WHAT IS BEING ASKED
Reproduce all of the data below without alteration; exclude every picture.

SUPPLIED INFORMATION
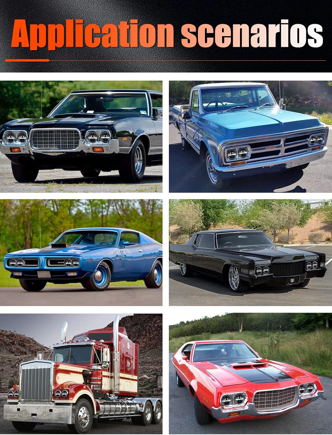 🚗Application: These 5.75″ Headlights fit with H5009 / H5006 / H5506 / H5001 / 4001 / 4004 / H5010 / H5501/ H4001 Round Sealed Beam Headlights. Compatible with Corvettes Chevelles Chevy Trucks, Compatible with Ford Gran Torino, Compatible with Peterbilt Semi 349 359. Not only this, which original bulbe is a standard 7″ light bulb, it will be fit. Pls check the size of your vehicle bucket
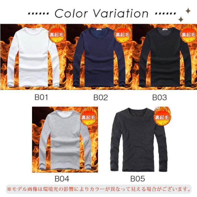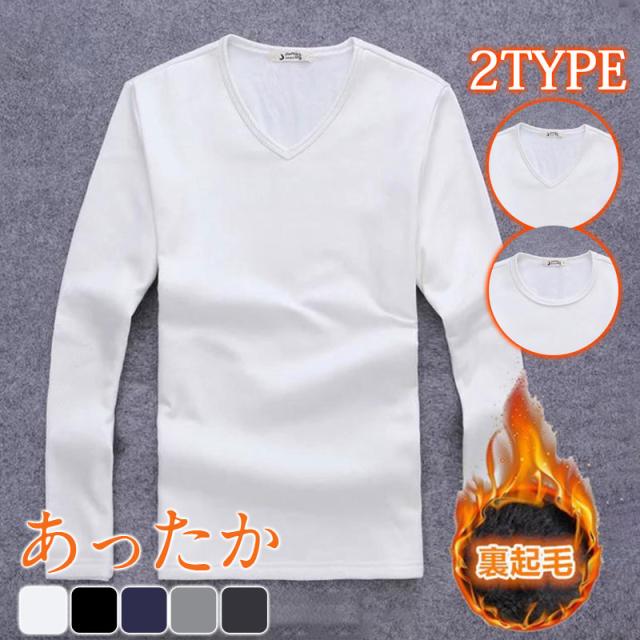 インナー シャツ 防寒 防寒着 メンズ 裏起毛 トップス 無地 長袖 カットソー ルームウエア Tシャツ あったか 厚生地 暖 冷
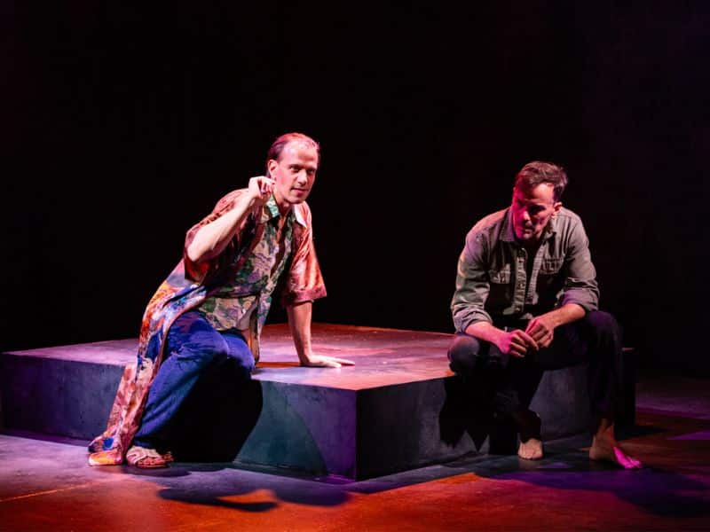 The production supports the performances through a mix of lighting and original music to mark the transition between scenes and reflect the characters’ emotional tenor. The stage is designed like a black box, the stark gray walls of the cell looming large over the actors. A square platform in the center of the stage serves as their beds and where the prisoners store their limited belongings. Wardrobe is also used to great effect, both as another visual reminder of the differences between the two men and, as it is shed during several powerful scenes, as a way to mark their growing closeness and dependence on each other.
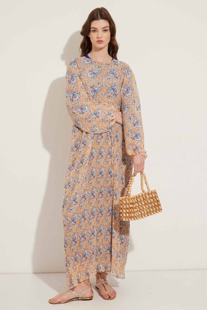 فستان حجاب برتقالي منقوش بالزهور 60901t

WRITTEN REPLY
 🚗Application: These 5.75″ Headlights fit with H5009 / H5006 / H5506 / H5001 / 4001 / 4004 / H5010 / H5501/ H4001 Round Sealed Beam Headlights. Compatible with Corvettes Chevelles Chevy Trucks, Compatible with Ford Gran Torino, Compatible with Peterbilt Semi 349 359. Not only this, which original bulbe is a standard 7″ light bulb, it will be fit. Pls check the size of your vehicle bucket
 インナー シャツ 防寒 防寒着 メンズ 裏起毛 トップス 無地 長袖 カットソー ルームウエア Tシャツ あったか 厚生地 暖 冷
 The production supports the performances through a mix of lighting and original music to mark the transition between scenes and reflect the characters’ emotional tenor. The stage is designed like a black box, the stark gray walls of the cell looming large over the actors. A square platform in the center of the stage serves as their beds and where the prisoners store their limited belongings. Wardrobe is also used to great effect, both as another visual reminder of the differences between the two men and, as it is shed during several powerful scenes, as a way to mark their growing closeness and dependence on each other.
 فستان حجاب برتقالي منقوش بالزهور 60901t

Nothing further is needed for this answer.